Author: Allegra Goodman
Year: 2006
Genre: Literary fiction

Intuition is the story of an academic controversy in which one graduate student accuses another of falsifying results. There's a lot of talk in the book about how science is a search for "truth," while I've always understood it to be a search for "facts." In this case, truth is hard to come by: not only the scientific truth of the results of the experiment in question, but even the more mundane truth about what happened in the laboratory.

Goodman draws up her characters masterfully. What I liked most about it is that there are no clear good guys and bad guys. Instead, you sympathize first with one character, then with another. I really wanted to take sides one way or the other, but I couldn't do it; the characters were too complex.

DMZ Vol. 1: On the Ground

Author: Brian Wood
Year: 2006
Genre: Graphic novel

There's a civil war going on in North America. Long Island belongs to one side, New Jersey belongs to the other, and Manhattan is the DMZ. A young reporter gets stranded there and has to find a way to survive, and hopefully send back some exclusive news.

The comic's first impact is a visceral reminder that war is real, and that modern war happens to everyday people in the place where they live. Amid the horrific vision of a bombed-out lower Manhattan, you're forced to remember that the realities of bombed-out Baghdad (and countless other places as well, but especially Baghdad) are just as close to home.

Premise aside, the book's plot and characters are interesting enough to carry you through the first few issues. Future installments will tell whether they're meant to function as your guide through the nightmare landscape of urban war, or will exist as independent entities in their own right.

Unknown Quantity

Author: John Derbyshire
Year: 2006
Genre: Science history

I like math. I was a math minor in college, and would have double-majored if I could have taken math classes on my junior year abroad. In high school I was really good at math, but when I took honors math classes in college I was just good enough to hang on for the ride. I realized that, as much as I enjoyed learning about group theory, complex analysis, and the search for really big prime numbers, I wasn't good enough to do it professionally.
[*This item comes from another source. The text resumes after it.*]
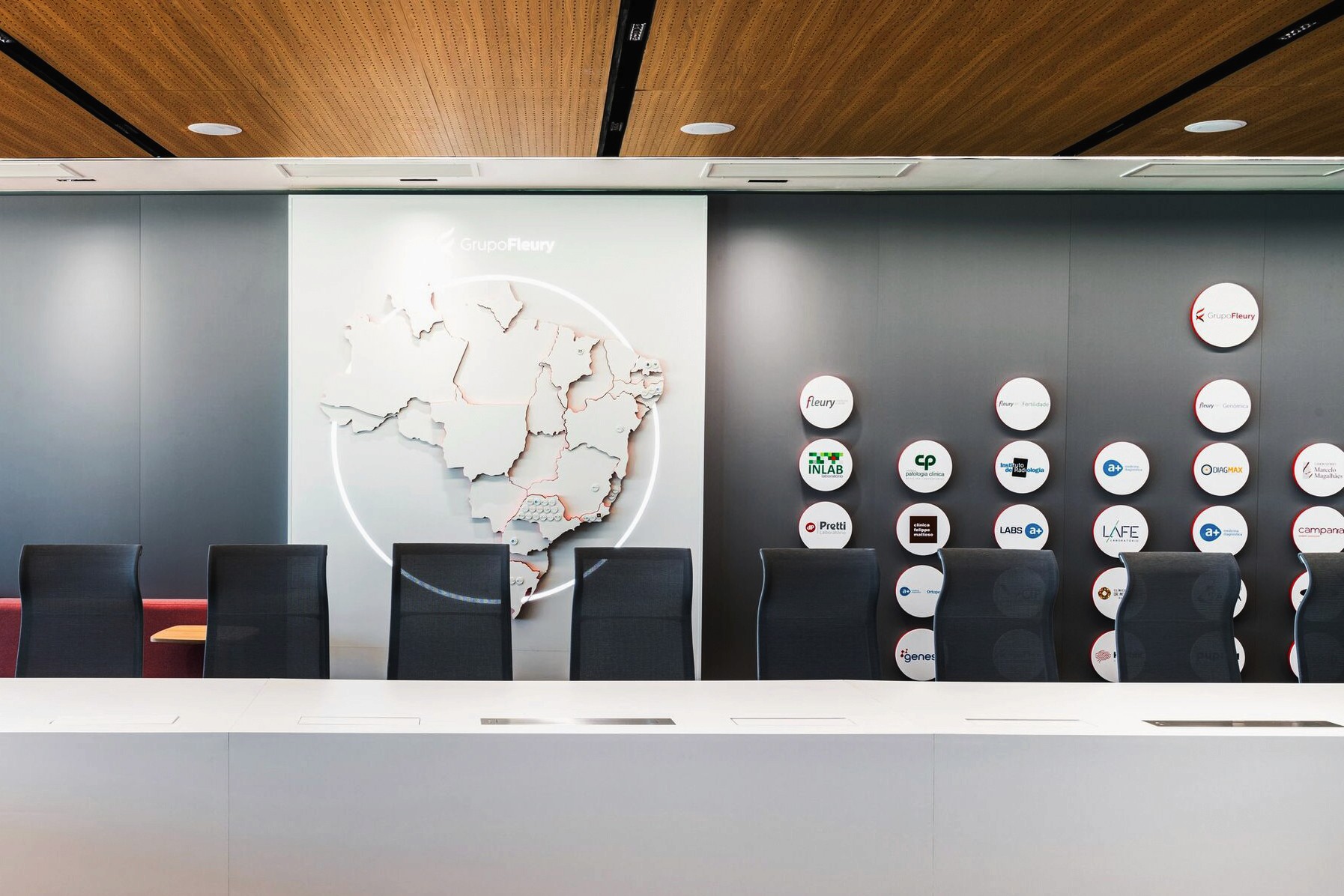Brand experience, wayfinding, and signage design for the headquarters of Grupo Fleury in São Paulo, one of the largest and most renowned medical laboratory networks in Brazil.

Sadly, if you don't live in that world full-time, it's astonishingly difficult to keep up with it at all, and so I let my math lapse after graduation.

Unknown Quantity is a rare exception: a book about math and math history made accessible to the interested layperson. And Derbyshire doesn't just write about math; he writes about algebra, possibly the most abstract and conceptually challenging branch of theoretical mathematics. By covering the history of algebra over the last 6000 years or so, the book follows how emerging awareness of numbers in ancient Babylonia led to the Greeks, the Renaissance, and the algebra that most people remember (or don't) from high school. Then, in the 17th and 18th centuries, algebra took a sharp turn to the abstract, but Derbyshire makes clear connections to show how it evolved from more representational problems. He challenged me, but he never lost me entirely.